The
Last September by Elizabeth Bowen and The Story of Lucy Gault by
William Trevor
“Ils
ont les chagrins qu’ont les vierges et les paresseux,” quotes Elizabeth Bowen, from
Proust’s À la recherche du temps perdu,
for the epigraph of her monumental novel The Last September, in this way preparing the readers for the
sorrows and heartbreak to come.
Set in Ireland, in the year 1920, the story centers upon a lonely teenaged
orphan named Lois Farquhar living with her wealthy uncle and aunt, Sir Richard
and Lady Myra Naylor, in their country home in County Cork. Still reeling from the wounds and
uncertainty of the Great War, from its material and spiritual depredations, the
characters are faced to confront the civil unrest in Ireland itself, the Irish
War of Independence or Cogadh na Saoirse (1919-1921),
with its rapidly escalating violence between the British forces and the Irish
rebels, the IRA, determined—to the last man and woman—to drive the English out
of Ireland for good. It is an anger
and hostility directed not only at the British soldiers, the Black and Tans, as
they were known, but also—indeed especially—at the wealthy Anglo-Irish gentry
or ‘Protestant Ascendency’, people like the Naylors, who for centuries, and for
all of their loyalty to England, have been happy to call Ireland their home.
Such
country estates or ‘Big Houses’ as owned by the Naylors and their class (which
class included Bowen’s own family with their house called Bowen's Court)had
flourished throughout Ireland since the mid-eighteenth century, built with the
easy profits that came of cheap land and cheap labor, making them a potent
symbol of English exploitation and an easy target for the rebels who burned
down, blew up, or otherwise destroyed more than 275 of them in the years between 1920-1923.

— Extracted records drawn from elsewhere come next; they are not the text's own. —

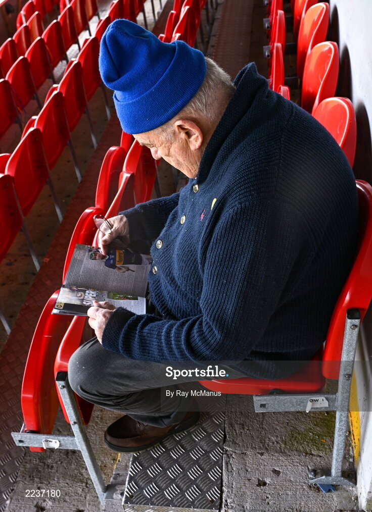 22 May 2022; An early arrival reads his programme before the Munster GAA Hurling Senior Championship Round 5 match between Clare and Waterford at Cusack Park in Ennis, Clare. Photo by Ray McManus/Sportsfile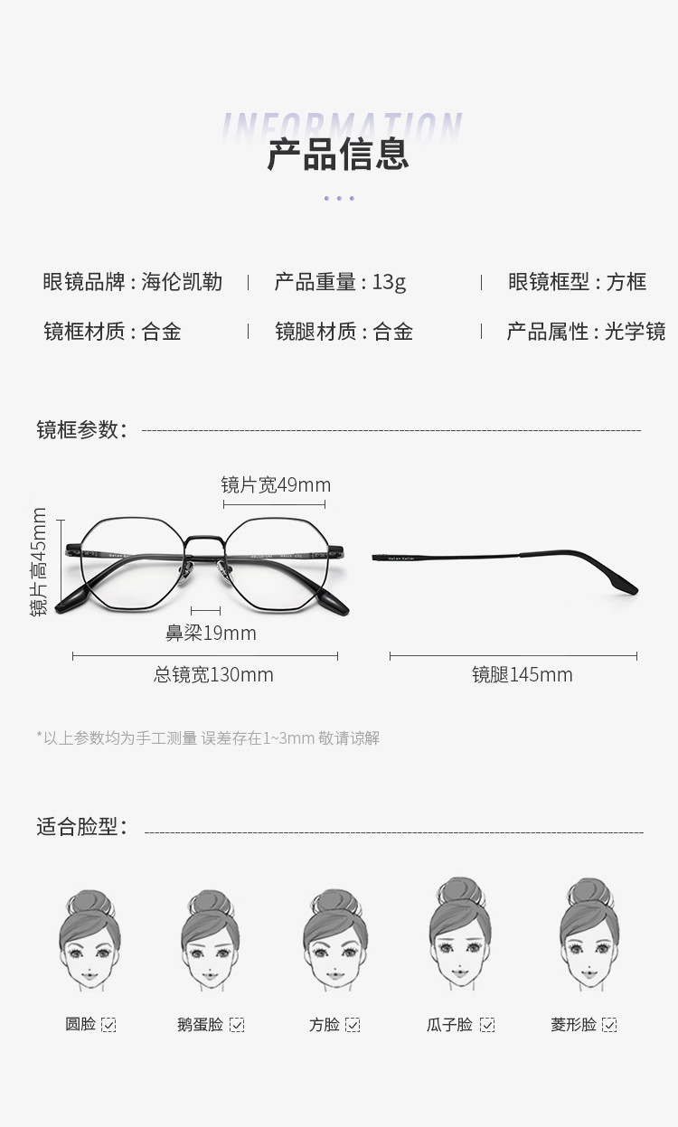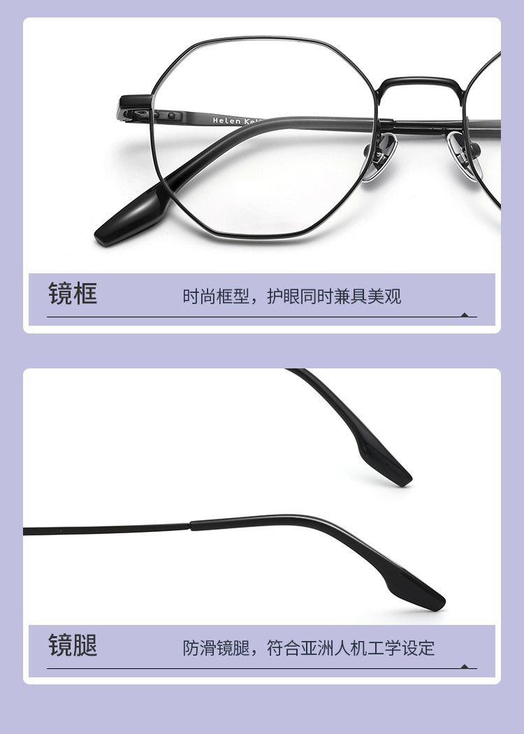 商品名称:海伦凯勒近视眼镜女合金高度素颜光学眼镜框男 068891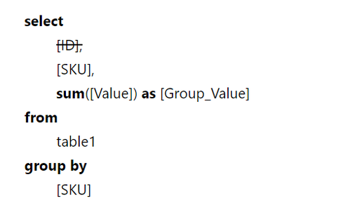 В одном из прошлых постов (чтобы ознакомиться, перейдите по ссылке) я опубликовал задачу для начинающих. В этой статье разберем ее решение по шагам на примере SQL Server 2019. Таблицу "было" назовем "Table1", т.к. все названия в базах данных рекомендуется называть латиницей. Далее пойдем по шагам. Шаг 1 Для начала напишем простое извлечение всех строк из таблицы. Шаг 2 Понимая, что в данной задаче нам нужно сгруппировать таблицу по SKU и агрегировать столбец Value, модифицируем запрос и удаляем лишние данные...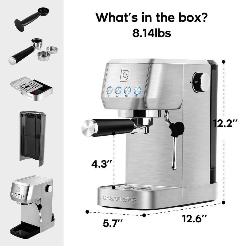 CASABREWS Espresso Machine, 20 bar compact Semi-Automatic Espresso Machine with Milk Frother for Home and Office, Perfect for Ground CoffeeCASABREWS Espresso Machine, 20 bar compact Semi-Automatic Espresso Machine with Milk Frother for Home and Office, Perfect for Ground Coffee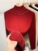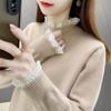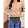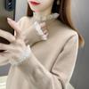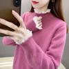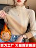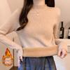 Suéter holgado de cuello alto con forro polar para mujer, otoño e invierno, nuevo, 2024, estilo occidental, camisa de punto con base, interior grueso para mujer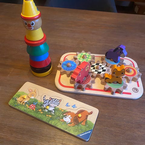BRIO Barnleksaker Set med olika färgglada leksaker inklusive brandbil, tågvagn, och aktivitetsleksak med ratt. Leksakerna är tillverkade i plast och trä och är avsedda för barn.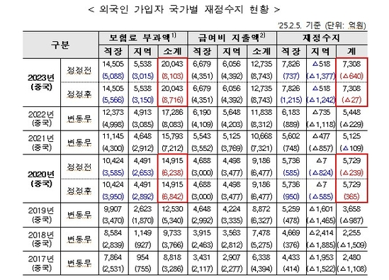 국회 보건복지위원회 소속 국민의힘 김미애 의원이 건강보험공단에서 받은 자료에 따르면 2017∼2023년 전체 재정수지에는 변동이 없으나 보험료 부과액 산정 오류에 따라 공단이 국가별 재정수지를 수정했다.통상 낸 보험료보다 급여 혜택을 더 많이 받는 중국인 가입자에 대한 통계에 오류가 있었던 것이다.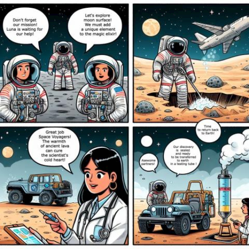 Pingu was worried as he realized time was running out for Luna and the elixir wasn’t ready yet. Shortly after, he received a video call from some excited kids telling him that he should look for a unique ingredient, a ray of light on the dark side of the moon. Pingu knew it was a tough mission, but he could not but listen to the kids’ advice. He immediately flew to the dark side of the moon, where he ventured deep into the lunar craters. After a while, he discovered a rock with a shimmering ray of light piercing through the darkness. With a heart full of hope, Pingu captured the light in a crystal vial. Returning to Earth, he added the light to the elixir, which sparkled with newfound brilliance. Pingu was now sure the magical potion would bring warmth to the scientist’s icy heart.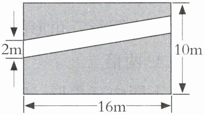 (3)有一块长方形草地(如下图),长是16m,宽是10m,中间铺了一条2m宽的石子路。种草部分的面积有多大?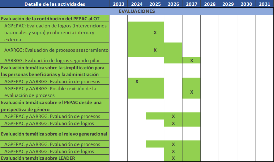 • Las evaluaciones ex ante, intermedias y posteriores, así como todas las demás actividades de evaluación del PEPAC.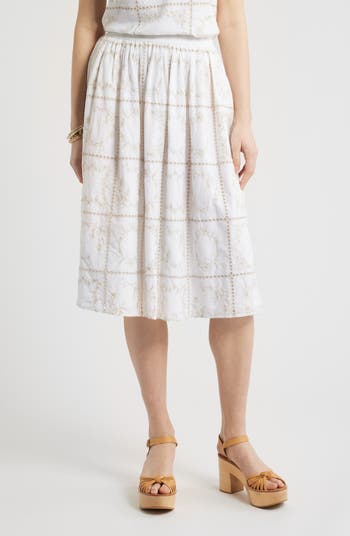 Intersecting stripes of eyelet create a checkered effect across this fresh cotton midi skirt delicately embroidered with florals.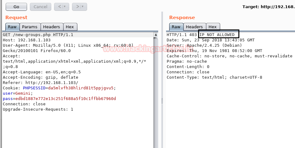 Here I look at the HTTP traffic and perceive a 403 IP NOT ALLOWED response. Hence proved the web application is running behind some kind of firewall.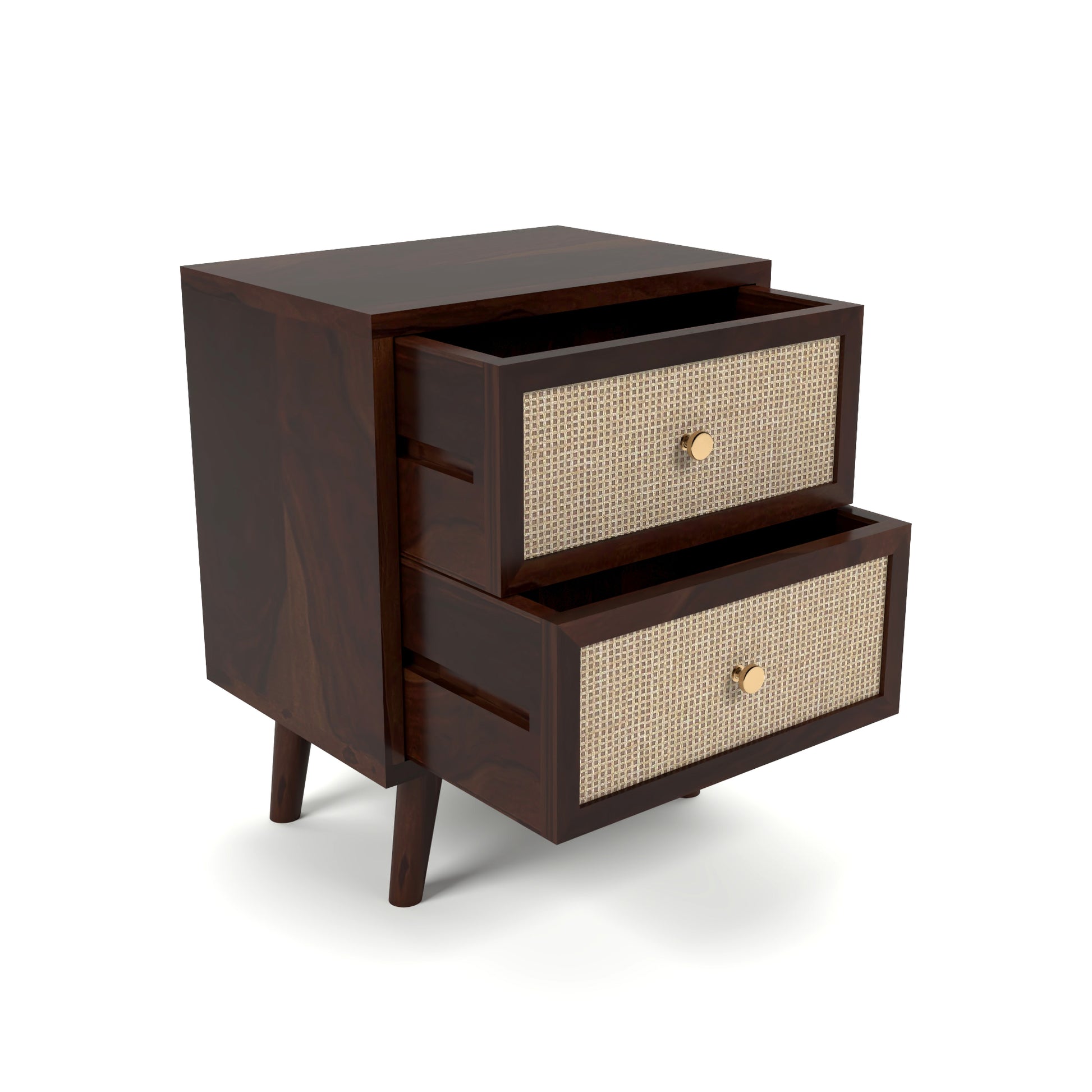 Wopno Furniture Rattan Cane Solid Sheesham Wood Bedside Table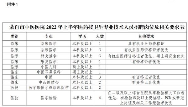 1.《蒙自市中醫(yī)醫(yī)院2022年上半年醫(yī)藥技衛(wèi)生專業(yè)技術(shù)人員招聘崗位及相關(guān)要求表》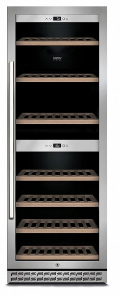 Семь съемных полок из дерева предназначены для правильного хранения вина: бутылки кладутся горизонтально (вместительность – 126 бутылок). Деревянные полки оборудованы фиксаторами от самопроизвольного выдвижения и компенсируют механические воздействия компрессора и вентилятора. Благодаря функции WiFi Smart Control, через мобильное приложение CASO-APP, можно удаленно следить за параметрами вашего винного шкафа и менять их в случае необходимости. Управление осуществляется при помощи двух сенсорных панелей. Регулировка температурных показателей с шагом в 1°C происходит нажатием « ∧ » и «∨». Управление внутренним освещением возможно при помощи кнопки «Свет». Чтобы прочитать этикетку, не нужно открывать дверь холодильника — светодиодные панели включаются кнопкой на внешней панели управления.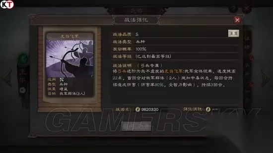 满级战法 无当飞军为诸葛亮利用当地蛮夷兵源,所组建的一支劲旅。这是部队皆身披铁甲,能翻山越岭,善于使用弓弩和毒箭,尤其精于防守作战。为蜀军北伐做出了突出贡献。 游戏中无当飞军是武将王平的自带和传承战法,由弓兵进阶而成,可使全军提高统率和速度,并于首回合对敌军施加中毒状态。 满级效果:将弓兵进阶为矢不虚发的无当飞军; 大戟士

Elizabeth Bowen (1899–1973) Anglo-Irish novelist, short-story writer,
and essayist, was born Elizabeth Dorothea Cole Bowen in Protestant, Georgian Dublin
and at the family home in County Cork, which she described in Bowen's Court
(1942). Her novels are The Hotel (1927); The Last September (1929),
her own favourite, set in Ireland in the Troubles; Friends and Relations
(1931); To the North (1932),
a story of sexual betrayal set in London; The House in Paris (1935), of a memorable day spent by two children, Henrietta
and Leopold, in Mme Fisher's Gothic house, intercut with the passionate story
of Leopold's parents; The Death of the
Heart (1938);
The Heat of the
Day (1949);
A World of Love (1955), a romantic Irish ghost
story; The Little Girls (1964); and Eva
Trout (1969). Of her many short stories, the best
deal with the supernatural (‘Foothold’, ‘The Cat Jumps’), English betrayal and
deracination (‘The Disinherited’, ‘Ivy Gripped the Steps’), Anglo-Irish
relations (‘Her Table Spread’, ‘Sunday Afternoon’), children (‘The Tommy
Crans’, ‘Tears, Idle Tears’), and above all the atmosphere of wartime London
(‘Mysterious Kor’, ‘The Demon Lover’, ‘The Happy Autumn Fields’). Her style --mannered,
elegant, and witty—was highly influenced by the great Literary Modernists, Proust and Woolf, as well as by the writing of Henry James.
From her
Anglo-Irish background she derives a mixture of edgy alienation and a respect
for classical impersonality and good form. Her characters are reckless,
romantic sensationalists—orphans, spies, criminals, adulterers—and there is
violence and danger in her books. Above
all, she evokes a spiritual condition through a landscape—the ‘Bowen
terrain’—whether it is the ‘Big House’ in Ireland, out-of-season resorts,
London flats and houses, or claustrophobic suburban villas. (JRank.org)
William Trevor, a short story writer, novelist, and
playwright, was born William Trevor Cox on May 24, 1928, in Mitchelstown,
County Cork. In his career as a
writer, he has published over 40
novels, short story collections, plays, and collections of nonfiction. He has won three Whitbread Awards, a
PEN/Macmillan Silver Pen Award, and was shortlisted for the Booker Prize. In
1977 Trevor was awarded an honorary CBE (Commander of the Most Excellent Order
of the British Empire) for his services to literature. Trevor regularly spends half the year in
Italy or Switzerland, often visiting Ireland in the other half. His home is in
Devon, in South West England, on an old mill surrounded by 40 acres of land.